The other day I was in a rush to run to the embassy, which was a good hour away by train. And so, like any other day, I biked to the station and left my bicycle leaning against the outer wall of the building just like dozens of other people on almost any given day. I didn’t think much of it. I didn’t think much of why people placed their bikes there in the first place. Follow the heard because it was easy. The question was, of course, was it allowed?

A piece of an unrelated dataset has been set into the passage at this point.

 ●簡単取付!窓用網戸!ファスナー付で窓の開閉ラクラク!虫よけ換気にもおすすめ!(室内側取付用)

Plenty of structures in Japan explicitly say not to place bikes against their walls, especially if it’s facing a street. It’s understandable. With basically every Japanese household having one or more of these two wheeled modes of transport, to allow parking anywhere would be the same as asking for either a blocked street or a dangerously narrow one. Funny thing is, there’s almost always an unspoken rule as to where bikes can or cannot be placed too. Seemingly open areas with no restriction signs could be empty and entire day, but the precariously slim gap between two buildings could house maybe two or three bikes. And then, there’s just the habit of ignoring warning signs completely because hey, if they didn’t take anyone before they sure aren’t taking any now.
The “parking lot” of Tama Station (my closest station) looks like this:
It’s rare to find only two parked; usually there’s so many that bikes against wall get boxed in by other bicycles. With that volume, it makes sense that police wouldn’t go out of their way to impound all of them.

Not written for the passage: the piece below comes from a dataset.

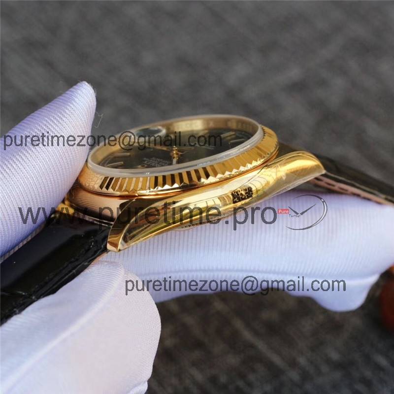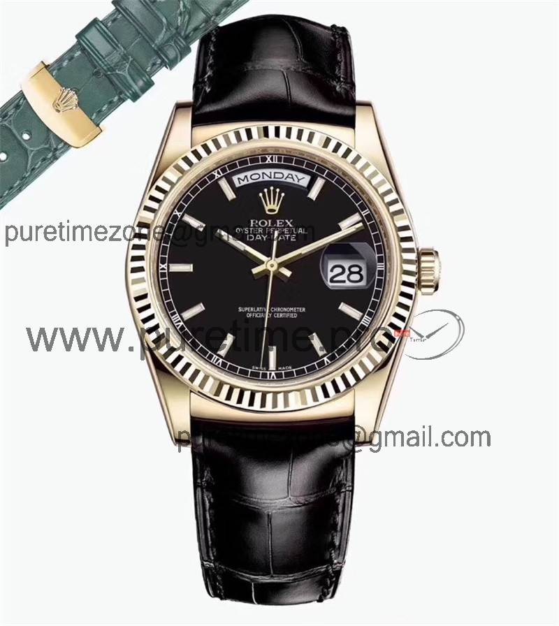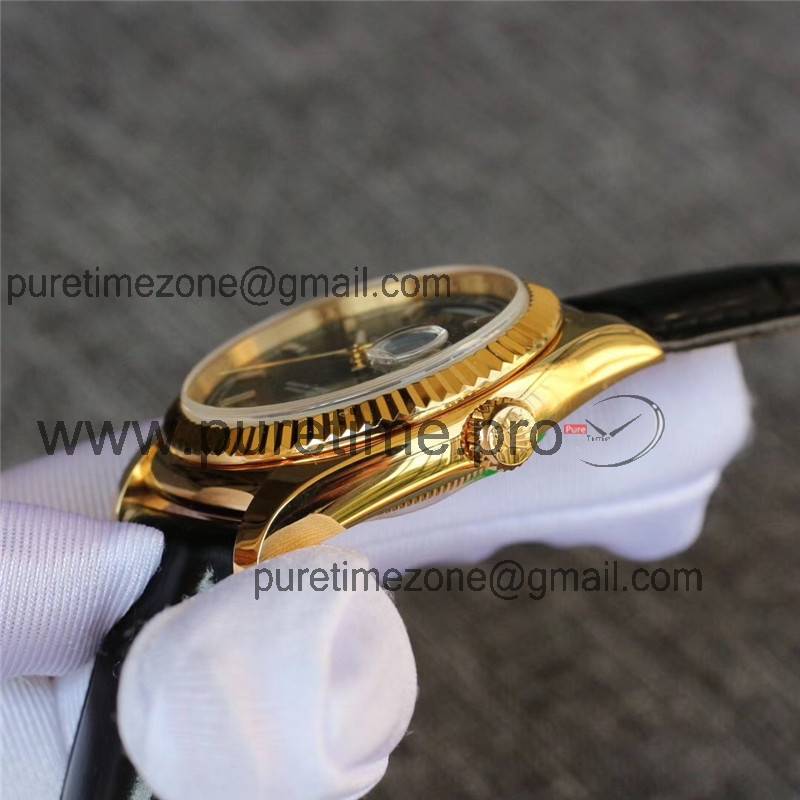 Day-Date 118138 36mm A2836 Automatic Mens Watch Best Edition TRF Yellow Gold Black Dial Black Leather

But lo-and-behold on the day that I was racing the clock, then too there were only around 5 bikes parked. In other words, sometime during the day all of them were removed and placed in a towed lot. Coming back in the afternoon and finding it missing was nothing more than a jolt of inconvenience. Yep. Not sadness or anger, just a strong sense of being inconvenienced. If everyone else can place their bikes there day after day, why was I one of the only ones who had a bike towed? Now it meant searching for the lot, going by bus, and biking all the way back. With an expectation of losing an entire afternoon (it only took about 2 hours for the entire procedure, surprisingly), I went on the search for my lost steed.
I never noticed if there was a warning sign posted in the area about not parking there. I mean, why would I? It just seemed like common sense since everyone else trusted it. On closer inspection though… the poster was always there.
That little yellow rectangle. That SINGLE little yellow rectangle. It’s the only warning and it covers the ENTIRE length of the station. I mean, I get it. Don’t waste resources and all that, but still. A little extra notice would be appreciated.
Notice the QR code on the bottom left corner of the poster? Scan that (or click here) and it shows you when it was towed, where it was towed from, what colored bike, what registration number, and where it was taken to (scroll down on the webpage until you see an excel like spreadsheet). My bike was taken to a lot reachable by a 45 minute bus ride.
I set out the next day with full intent to exercise my Gaijin powers as I pleaded for a waver on the 2000円 ($20) penalty fee. I was even prepared to act like I didn’t know a lick of Japanese. $20 is a lot of money for a struggling college student.
Yet, I couldn’t go through with it. Not because of some unneeded pride or my poor acting skills, but because the workers on the lot were two old men easily over the age of 70. It was shocking. To have two seniors past retirement age to do this kind of job… it was rather cute. Very befitting of Japan. Their movements were slow as they hunched their way over to each individual bike. Their greetings were nothing less than delightful and they smiled even though you came here doing more or less a crime. There was none of that discomfort that comes from the likes of American government facilities (we all know how wonderful the DMV is). And it wasn’t just to us, the people. When my bike was brought out this senior worker proceeded to WIPE DOWN THE ENTIRE VEHICLE. I almost wanted to stop his kindness, but reminded myself that it was probably part of his job. There was no way I could be a nuisance to these two, and there was no way I wanted to be a nuisance to a society that allows seniors to continue working in society if they so wish. I left with my spirits high and being $20 poorer. I also gained some sagely advice from the other worker to be careful of where I park my bike, as 2000円 is much too expensive for a foreign student (sound familiar?).
Sure, having to take a few hours to retrieve a possession was a pain, but it gave me a chance to see one way the Japanese government is providing some sort of financial support to the elderly. At the same time, I’m sure senior citizens participating in these programs feel a sense of being just as, if not more, useful to society as they were back in their prime. Plus, it’s a great way to kill time with friends.